Adventure News

April 2015



To be or not to be? That will be the question answered by the Kickstarter campaign for Elsinore, a new "time-looping narrative adventure game set in the world of Shakespeare's Hamlet."

Elsinore casts players in the familiar role of Ophelia, with a very unfamiliar opportunity to avert tragedy. You are a "young noblewoman of Denmark, who awakes from a terrible vision: in four days, everyone in Elsinore Castle will be dead." Rather than being resigned to this fate, however, you find yourself caught in a time loop that allows you to "relive the same four days over and over again." You must use your time wisely if you're to alter the bleak future you've foreseen.

Described as "Shakespeare meets Majora's Mask/Groundhog Day", Elsinore is a hand-painted, third-person point-and-click adventure that uses its time-looping mechanic to provide a host of story branches. Player choice is paramount, as you can "lie, forgive, assassinate, befriend, or destroy", and the story will react according to your actions. There are life-and-death decisions to be made, but "even the smallest interaction has an impact on the world around you." Trial is encouraged, even if it ends in error, as you can "explore dozens of different outcomes for even minor actions, each time learning new information." The more you experiment, the more you discover about the motivations of complex characters, all of them keeping secrets.

Rather than being a conventional adventure, Elsinore tasks players with collecting information, from "gossip, rumors, stories, lies, journal entries, bloody daggers, bottles of poison, and more" and then presenting it as hearsay or evidence in an attempt to influence the actions of other characters. You'll need to make good use of your time as well. Not only are you unable to see and hear everything going on in Elsinore Castle in a single time loop, as key events play out simultaneously, but "giving the right piece of information to a character at the wrong time can have disastrous results."
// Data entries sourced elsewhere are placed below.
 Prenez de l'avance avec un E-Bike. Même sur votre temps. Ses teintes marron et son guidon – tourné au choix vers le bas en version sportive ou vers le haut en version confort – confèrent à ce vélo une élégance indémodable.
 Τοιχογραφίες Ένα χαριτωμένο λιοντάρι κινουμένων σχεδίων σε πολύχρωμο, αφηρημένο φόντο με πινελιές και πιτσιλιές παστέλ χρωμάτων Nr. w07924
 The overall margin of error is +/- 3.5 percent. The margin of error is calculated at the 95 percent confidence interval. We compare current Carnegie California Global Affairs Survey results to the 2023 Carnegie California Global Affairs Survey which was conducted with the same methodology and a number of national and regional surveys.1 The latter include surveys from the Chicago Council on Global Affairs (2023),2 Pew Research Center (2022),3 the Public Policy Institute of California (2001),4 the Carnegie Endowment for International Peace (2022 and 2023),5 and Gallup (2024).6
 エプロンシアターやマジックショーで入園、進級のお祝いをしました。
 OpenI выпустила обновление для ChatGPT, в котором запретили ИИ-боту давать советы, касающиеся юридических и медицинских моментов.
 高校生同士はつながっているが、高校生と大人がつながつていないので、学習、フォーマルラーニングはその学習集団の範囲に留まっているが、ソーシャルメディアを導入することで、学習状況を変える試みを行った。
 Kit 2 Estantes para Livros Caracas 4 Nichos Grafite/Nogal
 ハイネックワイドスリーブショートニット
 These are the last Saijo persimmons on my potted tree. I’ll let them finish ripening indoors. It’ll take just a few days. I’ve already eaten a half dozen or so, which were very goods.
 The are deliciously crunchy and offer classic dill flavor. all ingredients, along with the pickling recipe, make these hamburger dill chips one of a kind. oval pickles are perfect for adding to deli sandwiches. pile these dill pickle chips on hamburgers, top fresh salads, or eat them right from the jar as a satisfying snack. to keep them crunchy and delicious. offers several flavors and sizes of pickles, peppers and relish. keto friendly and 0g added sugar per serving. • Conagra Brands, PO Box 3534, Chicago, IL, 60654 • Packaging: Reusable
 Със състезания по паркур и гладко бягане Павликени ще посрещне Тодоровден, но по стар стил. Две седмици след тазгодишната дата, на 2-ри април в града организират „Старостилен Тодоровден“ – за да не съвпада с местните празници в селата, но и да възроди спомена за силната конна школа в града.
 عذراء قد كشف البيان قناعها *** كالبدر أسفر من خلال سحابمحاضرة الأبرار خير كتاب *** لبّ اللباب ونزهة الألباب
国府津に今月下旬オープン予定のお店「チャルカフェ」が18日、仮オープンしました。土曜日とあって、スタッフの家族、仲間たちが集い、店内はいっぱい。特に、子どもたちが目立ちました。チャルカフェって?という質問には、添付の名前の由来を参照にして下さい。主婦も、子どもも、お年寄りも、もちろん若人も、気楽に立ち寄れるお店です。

Indie developer Golden Glitch Studios, working on the game in their spare time, is currently seeking $12,000 through Kickstarter by May 26th in order to fully fund production. The team's goal is to complete Elsinore by September 2016 for PC, Mac, and Linux, and a minimum $15 pledge is required to secure a DRM-free download of the game upon release. Response has been enthusiastic so far, with the target amount already in sight, but there is a wide variety of stretch goals still to reach that promise to provide a better overall experience.

To learn more about Elsinore and/or contribute to its fundraising campaign, visit the Kickstarter page for complete details, and follow its progress through the official website.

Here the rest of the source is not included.